Type II error, or “false negative”, is the error of not rejecting a null hypothesis and not accepting an alternative hypothesis when the alternative hypothesis is the true state of nature. This is the error when the true alternative hypothesis is not observed.

\(\color{blue}{\text{𝑃( Type II error)}=P(\text{not reject}\ 𝐻_0| 𝐻_𝑎 \ \text{true} )}\)

Type I and Type II errors and significance level

\(\color{blue}{\text{P(Type I error)}= P(\text{reject}\ 𝐻_0 | 𝐻_0 \ \text{true})= \alpha}\) (We reject \(H_0\) if P-value \(≤𝛼\))

\(\color{blue}{\text{𝑃( Type II error)}=P(\text{not reject} \ 𝐻_0| 𝐻_𝑎 \ \text{true})}= 1 - P(\text{reject}\ H_0|H_a \ \text{true})= \beta\)

Choosing smaller value of 𝛼 means (less rejection) less chance to make Type I error.

When using small values of \(𝛼\), the P-value needs to be smaller so that we can reject \(𝐻_0\), so it leads to less rejection, so smaller Type I error.

However, the smaller value of 𝛼 means (less rejection) leads to more chance to make Type II error.

Choosing larger value of 𝛼 leads larger Type I error but smaller Type II error.

Choosing a significance level

While the traditional significance level is 0.05, it is helpful to adjust the significance level based on the application.

Select a level that is smaller or larger than 0.05 depending on the consequences of any conclusions reached from the test.
If making a Type I Error is dangerous or especially costly, we should choose a small significance level (e.g. 0.01).

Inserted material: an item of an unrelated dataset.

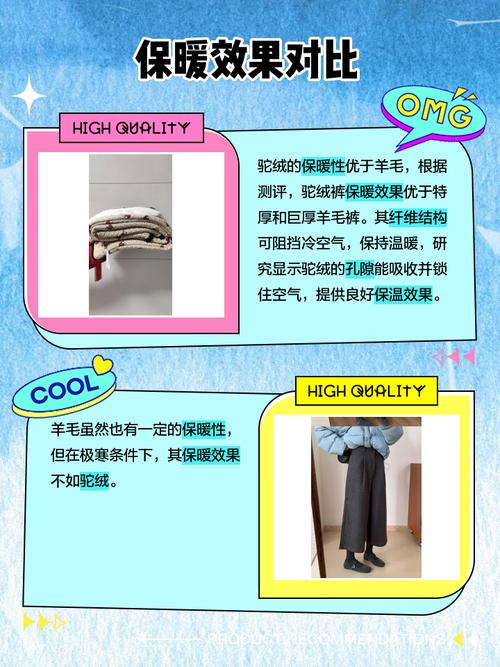 〖One〗、总的来说,驼绒保暖裤和羊毛保暖裤各有优势。如果你更看重保暖性和轻便性,驼绒保暖裤可能更适合你;而如果你更注重柔软舒适和吸湿排汗性能,羊毛保暖裤则可能是更好的选取。在选取时,还可以考虑个人的肤质、过敏史以及对不同材质的适应性等因素。
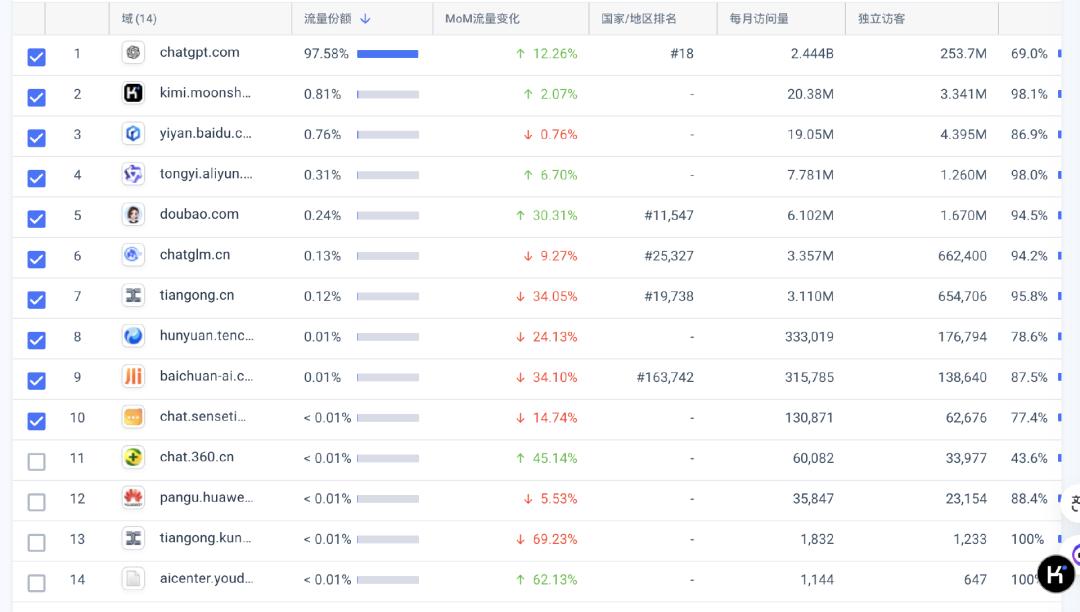 投放效果如何?根据最新数据(七月),据国内主流大模式(AI对话)统计,只有Kimi和文心一言两语,月活超过1000万;超过100万只有4个。ChatGPT是世界上唯一一个拥有24亿月活量的人。

Under this scenario we want to be very cautious about rejecting the null hypothesis, so we demand very strong evidence favoring \(𝐻_a\) before we would reject \(𝐻_0\).
If a Type II Error is relatively more dangerous or much more costly than a Type I Error, then we should choose a higher significance level (e.g. 0.10). Here we want to be cautious about failing to reject \(𝐻_0\) when the null is actually false.

One vs. Test sided hypothesis tests( end of 5.3)

In two sided hypothesis tests we are interested in whether \(p\) is either above or below some null value \(p_0: H_a: p \neq p_0\).
In one sided hypothesis test we are interested in \(p\) differing from the null value \(p_0\) in one direction (and not the other):
- If there is only value in detecting if population parameter is less than \(p_0\), then \(H_a: p<p_0\).
- If there is only value in detecting if population parameter is greater than \(p_0\) than \(H_a: p>p_0\).
Two-sided tests are often more appropriate as we often want to detect if the data goes clearly in the opposite direction of our alternative hypothesis as well.